Random word generator

Perhaps most importantly, however, by pointing to objects and using randomly generated “words”, characters should be able to conjure up their very own language and communicate with others inside their world.

And this language may bear little resemblance to anything spoken in human societies. “It’s quite possible they will develop a language that we have to interpret,” says Ben Paechter at Napier University in Scotland. “They may discuss things in ways we find difficult to understand.”

However, the ability to communicate could enable these agents to develop complex cultural activities resembling those found in small human societies. “A long-term aim is to see if we can get culture to emerge,” Paechter adds. “This way, we might learn something about the way human societies evolve.”

-The Sims can already function in their world without our help. They are born with the basics of life built in, such as the ability to make food, use the toilet, speak to one another. The Sims don’t choose where they live, they don’t built it nor decorate it. This is the players responsibility and without it, would strip it of any gameplay, making it more like Big Brother .

Reality check

But not everyone is convinced that it will yield valuable results. “We have real human societies that grow up on their own within computer-generated fantasy worlds,” says Edward Castronova, an expert in online gaming worlds at Indiana University in the US. “The most sensible research project, it seems to me, would be to study these societies directly, rather than conjure artificial ones.”

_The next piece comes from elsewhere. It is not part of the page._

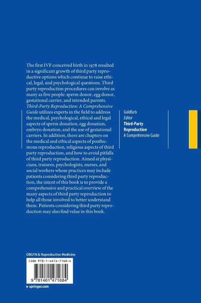 The first IVF conceived birth in 1978 resulted in a significant growth of third party reproductive options which continue to raise ethical, legal, and psychological questions. Third party reproduction procedures can involve as many as five people: sperm donor, egg donor, gestational carrier, and intended parents. Third-Party Reproduction: A Comprehensive Guide utilizes experts in the field to address the medical, psychological, ethical and legal aspects of sperm donation, egg donation, embryo donation, and the use of gestational carriers. In addition, there are chapters on the medical and ethical aspects of posthumous reproduction, religious aspects of third party reproduction, and how to avoid pitfalls of third party reproduction. Aimed at physicians, trainees, psychologists, nurses, and social workers whose practices may include patients considering third party reproduction, the intent of this book is to provide a comprehensive and practical overview of the many aspects of third party reproduction to help all those involved to better understand them. Patients considering third party reproduction may also find value in this book.

Castronova suggests that the synthetic nature of such a world will undermine its potential. “Inferences from an entirely artificial system are always going to be weakened by the artificiality,” he told New Scientist. “There’s no reality check.”

Nevertheless, the researchers behind NEW-TIES hope to have seen some spectacular results by the time the project comes to an end in 2007. “It’s incredibly ambitious, and it may be that, at the end of 3 years, we say we need at least another 30,” Gilbert admits. “But it’s worth a try.”

-I have been unable to find any of the results from this project, which was scheduled to be built by August 2007. This could mean that the project is still underway, or that it was never completed. The link to the NEW TIES site no longer exists and searching google has not linked me to the results. Online games such as Second Life allow users to create their own virtual character and build within an online community. However, we are able to do this from the knowledge and experiences we have from the real world. For example, in Second Life, a player did not learn to build a swimming pool because they need one due to the hot weather, but either because we are bored, or we just want to pretend to swim. Their character will not die if they don’t feed them, nor do they have to learn to communicate. Therefore, this kind of game, like The Sims, is different to that of NEW TIES.

Without knowing the full extent of the project I can’t say whether I think it would work well. There are questions to consider such as, would they enforce law, can they kill? If they don’t have emotions, then why would they kill? Can they die? They can build, but what with? And what? If weather affects them, then shelter would be built. But does it?